- Task directions:
Without any pictures, print the lines below from the one that has "动作说明首先按左前式基本格斗" through the one that has "Ethnicity Colorful Flowers", exactly and nothing else.
Segment Open
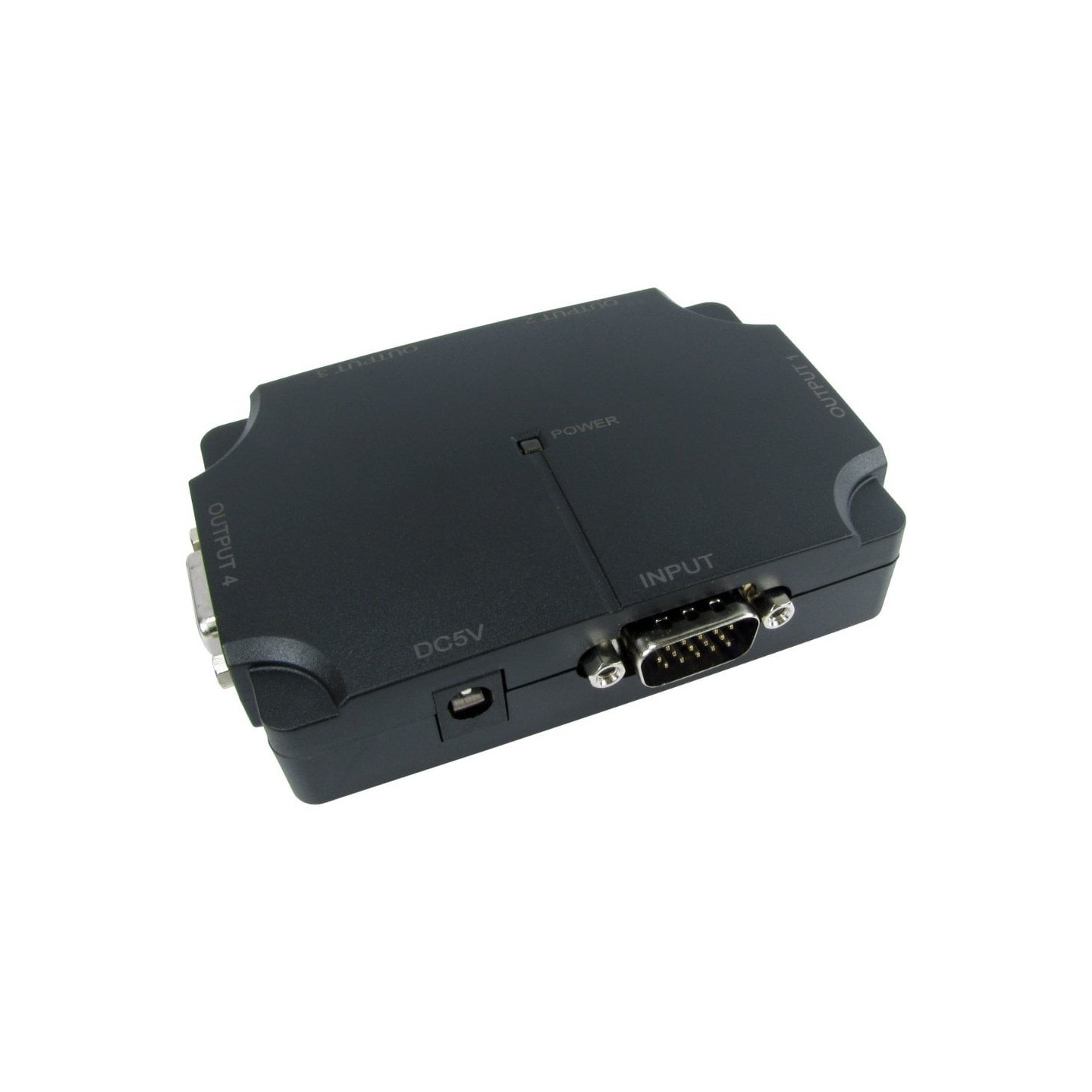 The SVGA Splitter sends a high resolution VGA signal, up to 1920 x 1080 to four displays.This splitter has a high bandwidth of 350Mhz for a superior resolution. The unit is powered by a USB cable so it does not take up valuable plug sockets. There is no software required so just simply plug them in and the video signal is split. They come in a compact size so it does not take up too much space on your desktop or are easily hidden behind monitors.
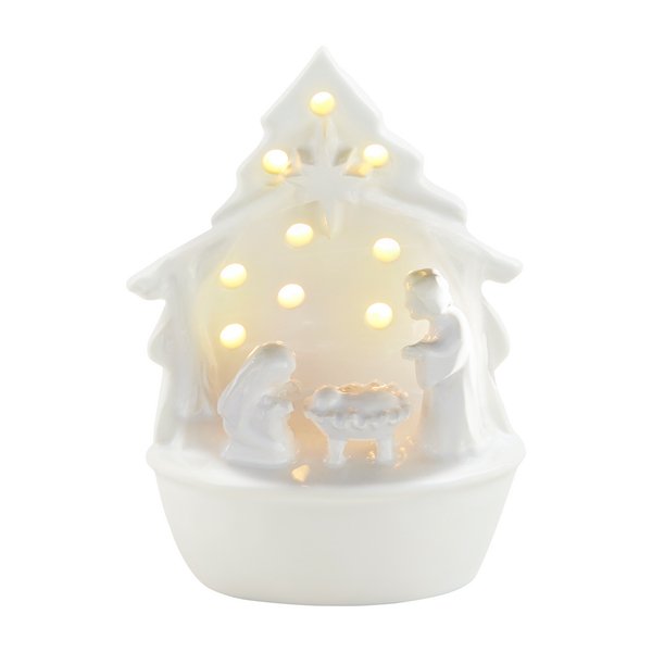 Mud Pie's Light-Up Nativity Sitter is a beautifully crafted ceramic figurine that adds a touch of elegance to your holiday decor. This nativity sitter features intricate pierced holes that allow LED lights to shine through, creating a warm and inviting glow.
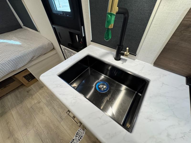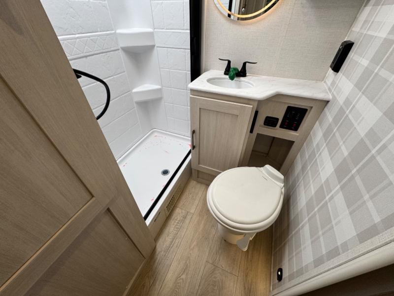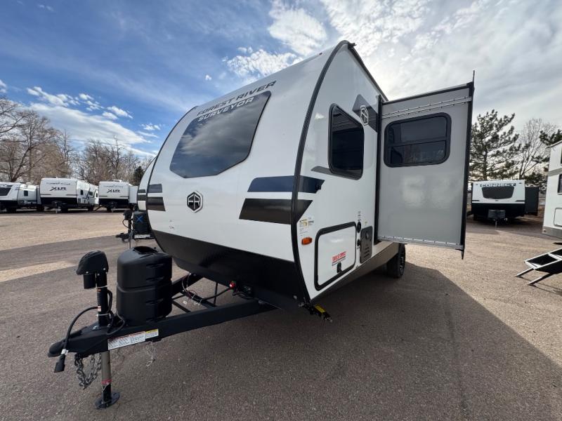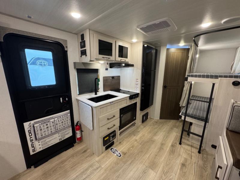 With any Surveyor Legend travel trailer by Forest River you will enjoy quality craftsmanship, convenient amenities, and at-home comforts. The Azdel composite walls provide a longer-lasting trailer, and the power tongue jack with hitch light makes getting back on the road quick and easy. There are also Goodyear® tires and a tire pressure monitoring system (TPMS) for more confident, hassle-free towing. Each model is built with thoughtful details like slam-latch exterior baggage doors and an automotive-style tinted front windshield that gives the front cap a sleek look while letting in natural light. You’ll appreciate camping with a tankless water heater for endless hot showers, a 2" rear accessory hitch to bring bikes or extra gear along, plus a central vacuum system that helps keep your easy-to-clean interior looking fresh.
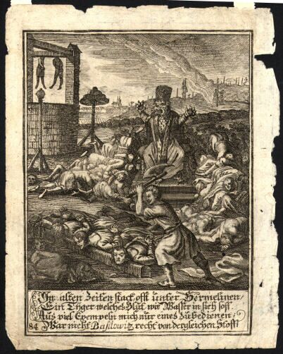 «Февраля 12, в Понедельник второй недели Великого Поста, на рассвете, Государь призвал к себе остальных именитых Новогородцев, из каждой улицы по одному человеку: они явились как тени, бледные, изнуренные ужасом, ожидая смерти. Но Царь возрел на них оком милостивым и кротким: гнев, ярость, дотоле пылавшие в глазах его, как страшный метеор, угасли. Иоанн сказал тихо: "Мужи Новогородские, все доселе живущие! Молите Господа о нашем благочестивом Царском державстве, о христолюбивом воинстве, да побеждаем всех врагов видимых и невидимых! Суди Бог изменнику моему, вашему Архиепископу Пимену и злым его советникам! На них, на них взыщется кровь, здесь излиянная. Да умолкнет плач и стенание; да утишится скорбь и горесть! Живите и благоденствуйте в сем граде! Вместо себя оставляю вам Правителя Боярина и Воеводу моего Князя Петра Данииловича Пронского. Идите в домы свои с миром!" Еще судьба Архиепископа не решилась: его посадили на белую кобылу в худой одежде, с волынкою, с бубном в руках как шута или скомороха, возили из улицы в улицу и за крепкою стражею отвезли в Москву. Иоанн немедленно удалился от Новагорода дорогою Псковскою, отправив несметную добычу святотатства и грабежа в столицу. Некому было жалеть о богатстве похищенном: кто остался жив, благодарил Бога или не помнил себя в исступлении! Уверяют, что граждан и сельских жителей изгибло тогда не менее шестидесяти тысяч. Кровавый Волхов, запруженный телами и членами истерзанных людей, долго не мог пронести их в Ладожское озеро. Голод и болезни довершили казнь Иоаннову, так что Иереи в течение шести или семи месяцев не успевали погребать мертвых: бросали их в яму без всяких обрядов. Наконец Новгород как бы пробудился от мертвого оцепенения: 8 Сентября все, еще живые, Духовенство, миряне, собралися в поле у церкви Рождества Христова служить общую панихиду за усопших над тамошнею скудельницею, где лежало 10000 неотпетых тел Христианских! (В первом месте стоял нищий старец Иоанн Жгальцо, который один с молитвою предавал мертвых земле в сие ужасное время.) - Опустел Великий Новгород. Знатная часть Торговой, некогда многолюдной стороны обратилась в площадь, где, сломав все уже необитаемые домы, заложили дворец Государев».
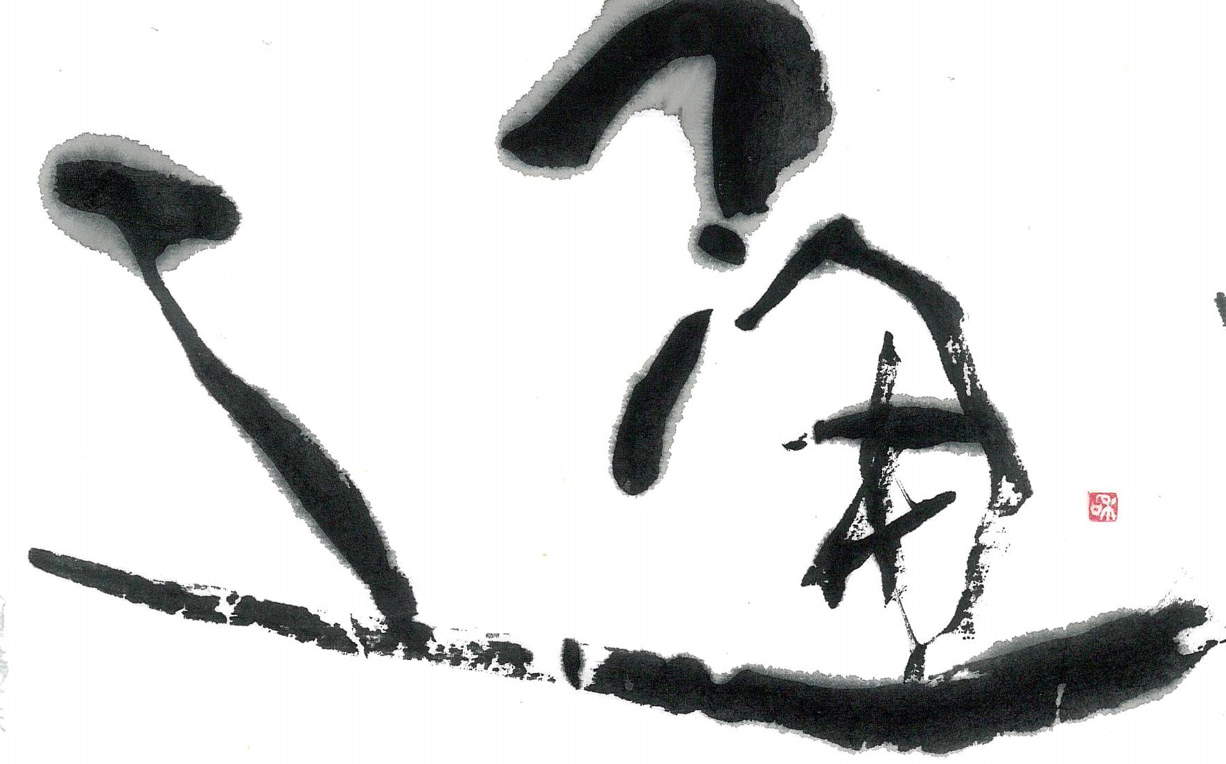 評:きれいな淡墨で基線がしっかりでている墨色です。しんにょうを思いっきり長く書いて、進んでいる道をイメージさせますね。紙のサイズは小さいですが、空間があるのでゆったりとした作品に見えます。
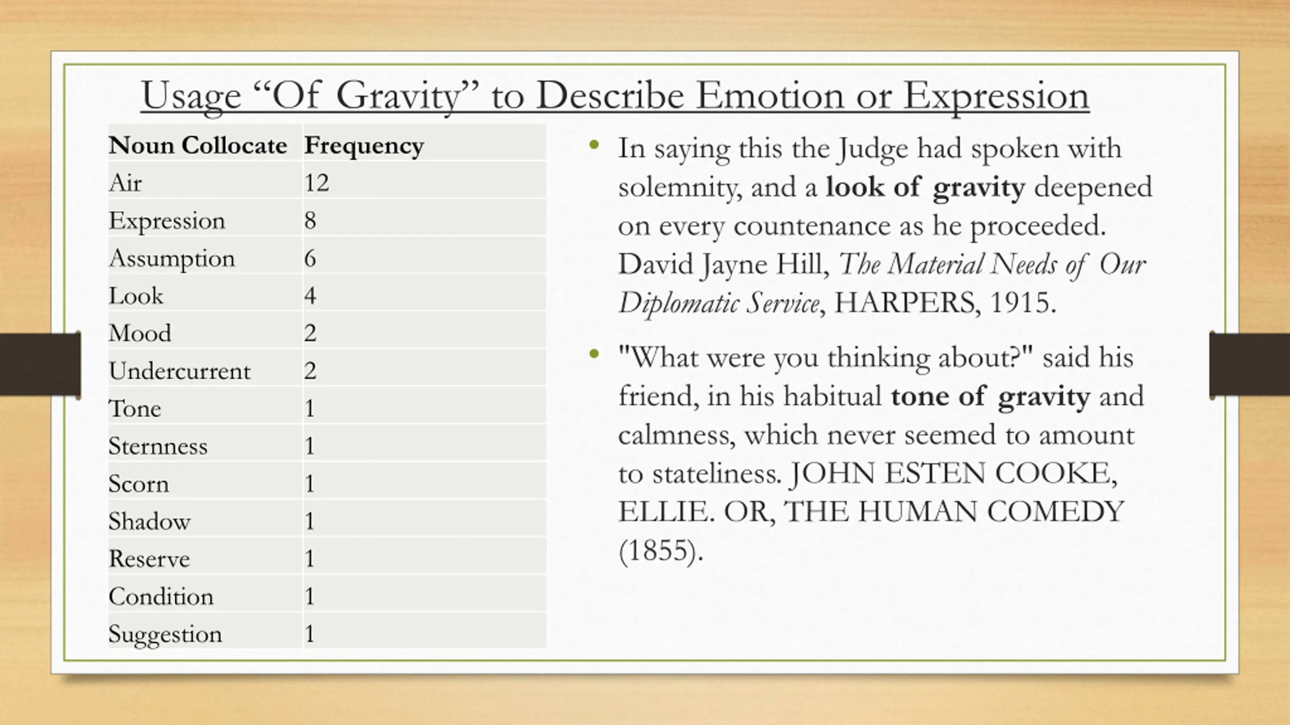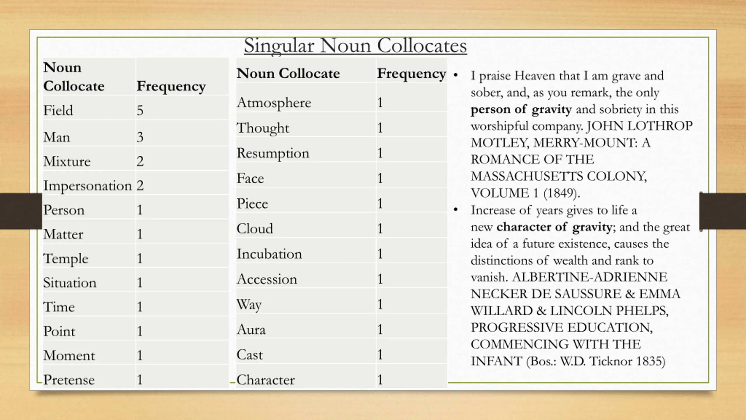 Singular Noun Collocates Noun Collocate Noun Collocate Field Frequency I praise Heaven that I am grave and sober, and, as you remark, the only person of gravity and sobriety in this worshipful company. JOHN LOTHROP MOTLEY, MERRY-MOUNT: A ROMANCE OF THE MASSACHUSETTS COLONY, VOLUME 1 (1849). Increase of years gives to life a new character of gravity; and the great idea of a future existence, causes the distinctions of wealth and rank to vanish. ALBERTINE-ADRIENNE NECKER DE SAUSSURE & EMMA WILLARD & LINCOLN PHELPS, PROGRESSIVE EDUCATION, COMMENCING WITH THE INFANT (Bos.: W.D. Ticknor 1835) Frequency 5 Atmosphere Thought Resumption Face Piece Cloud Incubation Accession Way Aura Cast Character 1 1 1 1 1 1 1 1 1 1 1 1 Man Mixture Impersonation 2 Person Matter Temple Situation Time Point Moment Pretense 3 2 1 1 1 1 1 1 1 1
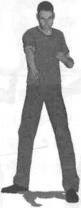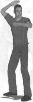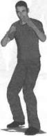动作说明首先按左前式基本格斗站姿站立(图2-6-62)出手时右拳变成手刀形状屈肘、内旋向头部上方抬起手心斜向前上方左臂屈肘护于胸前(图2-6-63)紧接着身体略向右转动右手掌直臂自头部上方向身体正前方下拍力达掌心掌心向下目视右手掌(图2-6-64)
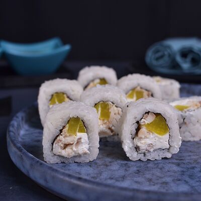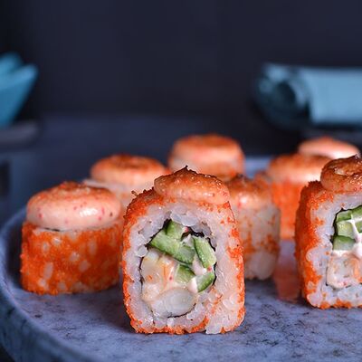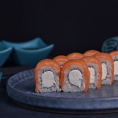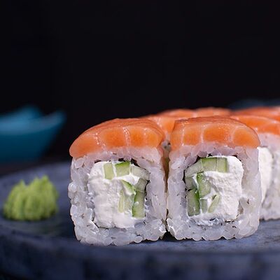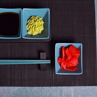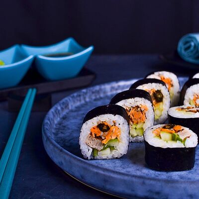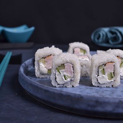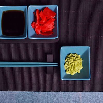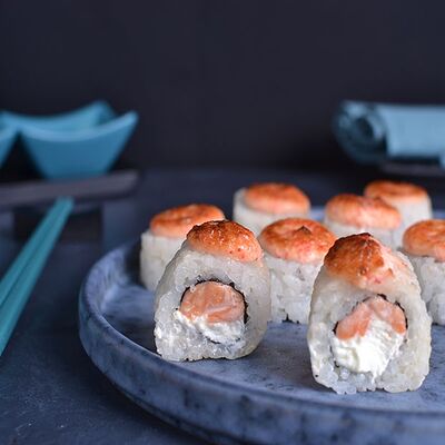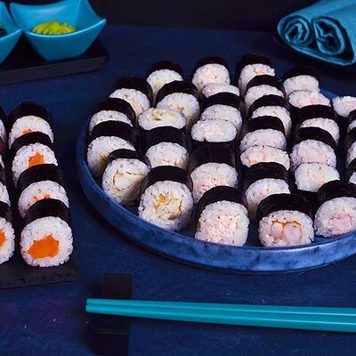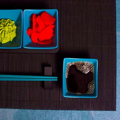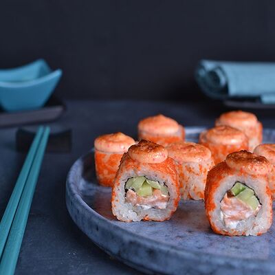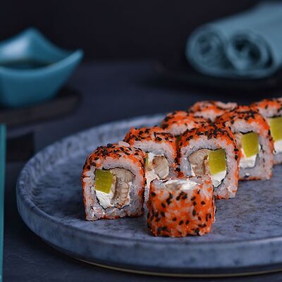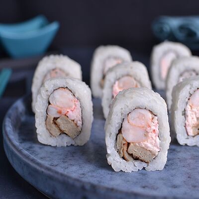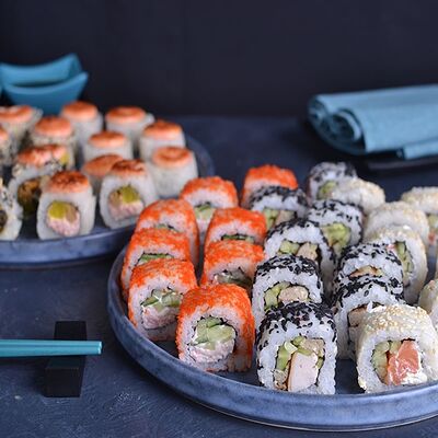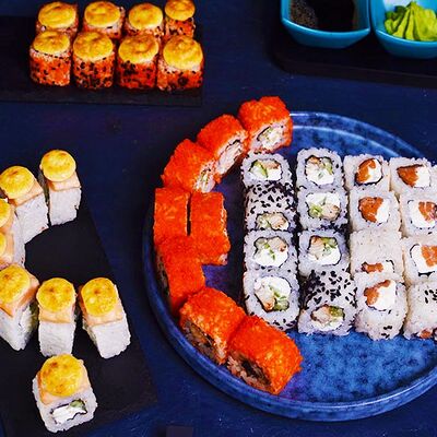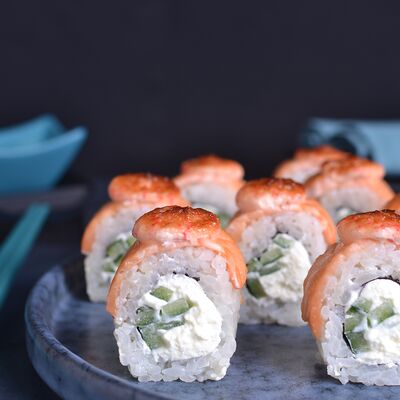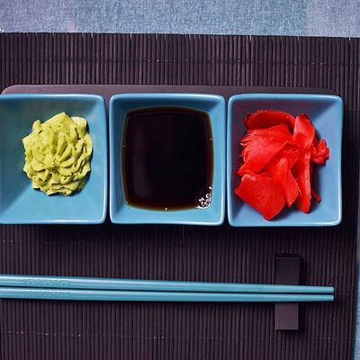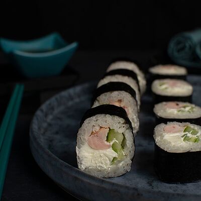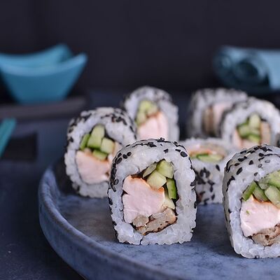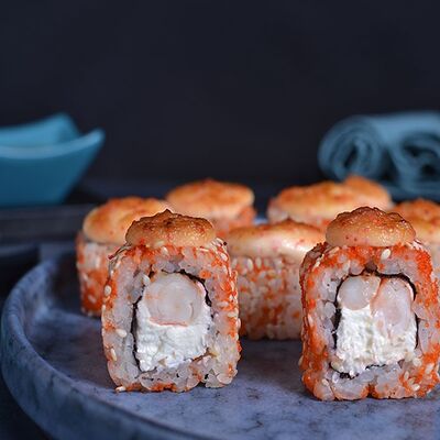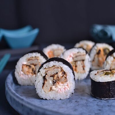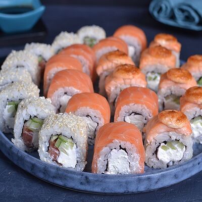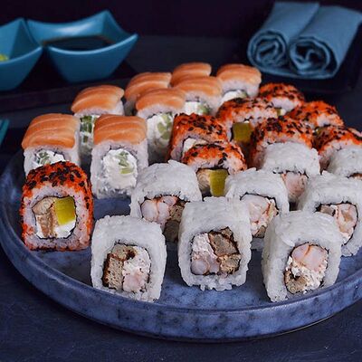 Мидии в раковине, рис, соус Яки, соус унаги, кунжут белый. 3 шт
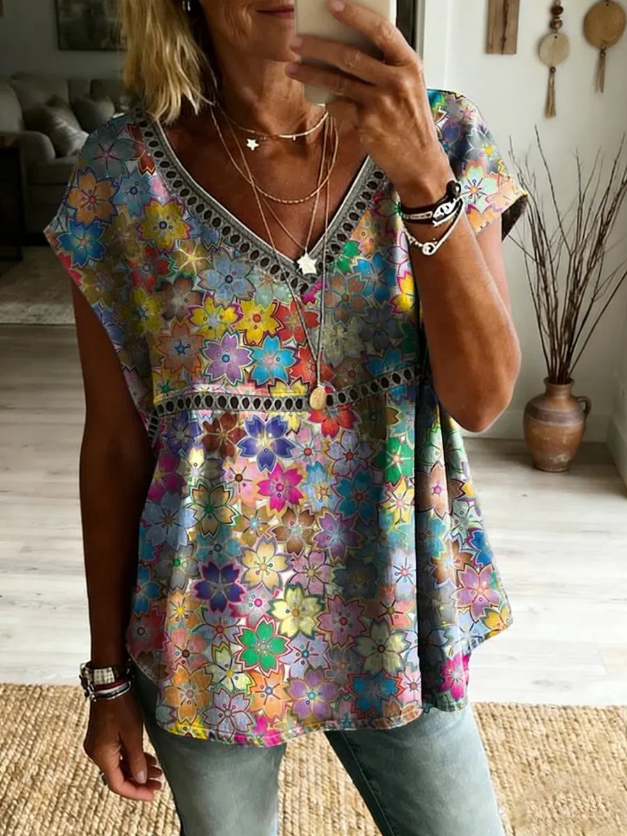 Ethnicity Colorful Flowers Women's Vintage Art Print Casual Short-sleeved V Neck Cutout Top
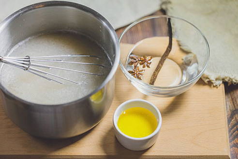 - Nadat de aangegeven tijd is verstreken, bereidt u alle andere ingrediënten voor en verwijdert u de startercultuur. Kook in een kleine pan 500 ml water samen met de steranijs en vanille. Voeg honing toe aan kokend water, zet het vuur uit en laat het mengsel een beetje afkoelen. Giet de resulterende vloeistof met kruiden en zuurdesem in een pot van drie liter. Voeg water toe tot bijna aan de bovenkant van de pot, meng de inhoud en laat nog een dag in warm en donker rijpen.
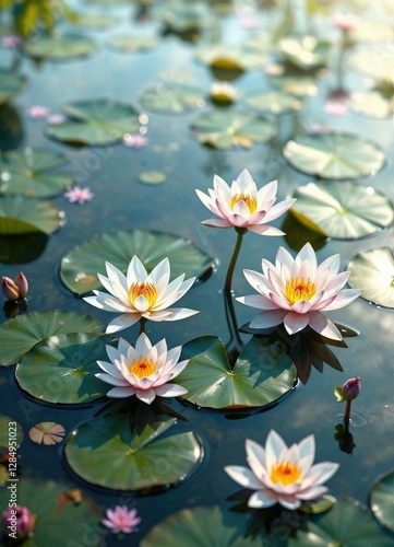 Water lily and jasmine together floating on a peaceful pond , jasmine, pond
Segment Closed
- Result of this task:
动作说明首先按左前式基本格斗站姿站立(图2-6-62)出手时右拳变成手刀形状屈肘、内旋向头部上方抬起手心斜向前上方左臂屈肘护于胸前(图2-6-63)紧接着身体略向右转动右手掌直臂自头部上方向身体正前方下拍力达掌心掌心向下目视右手掌(图2-6-64)
 Мидии в раковине, рис, соус Яки, соус унаги, кунжут белый. 3 шт
 Ethnicity Colorful Flowers Women's Vintage Art Print Casual Short-sleeved V Neck Cutout Top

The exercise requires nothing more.